=== DATA FOR THE TASK ===
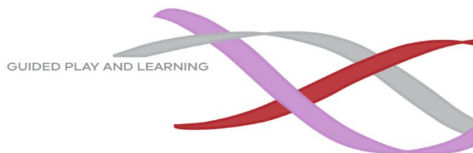
FIGURE 4: INTEGRATED TEACHING AND LEARNING APPROACHES

We are influenced by Vygotsky's Socio-Constructivist Theory, Bronfenbrenner's Ecological Theory, Erikson's Psycho-Dynamic Theory, The Reggio Emilia Educational Project, and structure curriculum with Howard Gardner's concepts of Multiple Intelligences in mind.
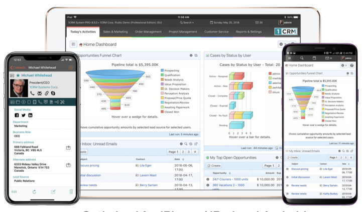
Optimized for iPhone / iPad and Android
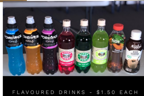
FLAVOURED DRINKS - $1.50 EACH

All drinks are within date and have been donated. A very big thank you to the Stapleton Family. Thank you to all the people who donated jars and ingredients to the café.
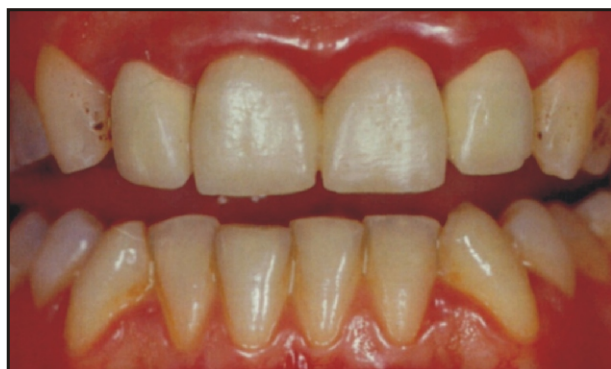
Slika 1. Izgled pacijenta na početku Figure 1. Starting situation

Nakon uspešnog završetka endodontske terapije i potpunog smirenja svih znakova zapaljenja, pristupili smo preparaciji zuba za prihvatanje bezmetalnih keramičkih kruna (Sl. 2). Preparacija mora zadovoljiti principe otpo-
===
* PROBLEM DESCRIPTION *
Starting at the line that contains "FLAVOURED DRINKS - $1.50 EACH", reproduce each line exactly through the end of the entries above, leaving every picture out.

* RESPONSE BELOW *
FLAVOURED DRINKS - $1.50 EACH

All drinks are within date and have been donated. A very big thank you to the Stapleton Family. Thank you to all the people who donated jars and ingredients to the café.
Slika 1. Izgled pacijenta na početku Figure 1. Starting situation

Nakon uspešnog završetka endodontske terapije i potpunog smirenja svih znakova zapaljenja, pristupili smo preparaciji zuba za prihvatanje bezmetalnih keramičkih kruna (Sl. 2). Preparacija mora zadovoljiti principe otpo-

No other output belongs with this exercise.